The festival, which is normally held in the grounds of Dumfries House near Cumnock, is instead being streamed online this year.
The junior side of the festival will run from Thursday, June 10 to Wednesday, June 16 and will also reflect changes in society; addressing some problems that young people may face.
From comics to podcasts, and so much more in-between, the festival explores what it means to be a young person in the world today through looking at what life was like growing up in other times such as the Ancient Aztecs to the First World War to Nazi Germany and the BosnianWar.
The programme explores how life, love and what we live through now will one day be a future child’s history. It celebrates the joy of storytelling to bring experiences to life.

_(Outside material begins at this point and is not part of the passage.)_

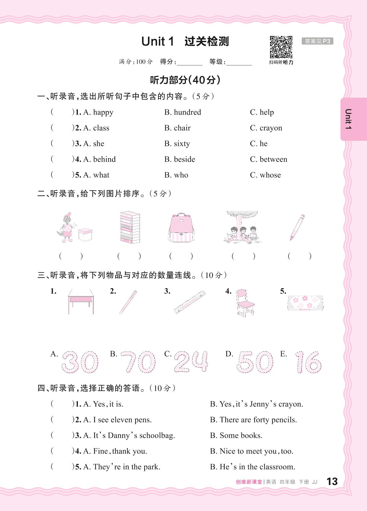2024春下册四年级英语冀教版 Unit 1 过关检测

There’s an expanded programme too in the virtual space that incorporates episodic events and interactive talks.
Festival highlights include the lives of great writers dug up by illustrator Adam Murphy in Corpse Talk: Dead Good Storyteller; double act Mairi Kidd and Tom Morgan-Jones will be introducing young readers to famous Scots who have proved themselves Strong, Brave and True whilst coming from Chicago is graphic novelist Lauren Burke who has depicted the life of civil rights leader Rosa Parks and in an astonishingly honest piece of audio theatre, Slug Love, playwright Jo Clifford describes her journey as a transgender person.
A weekend of live and interactive workshops include author Vivian French and illustrator Julia Vohl encouraging the next generation of biographers to imagine the experiences of the coachman who took Boswell & Johnson on their famous Hebridean odyssey.
Meanwhile, artist Fiona Perry leads a T-shirt design class for neurodiverse youngsters to literally wear their identity. Whilst illustrator in residence, American artist Julia Vohl, takes young audiences on flights of fancy as they design their own bird masks.
Curator of the schools and families programme, Janet Smyth, said:“After a year of so many young people feeling isolated, bored and disconnected, the Boswell Book Festival is an opportunity to come together to celebrate our lived experiences - from the mundane to the dramatic - and how our stories are the glue connecting us to one another as well as to those who have gone before and those who will come after. The festival events are the perfect balance of fun-facts, escapism and the power of the imagination.”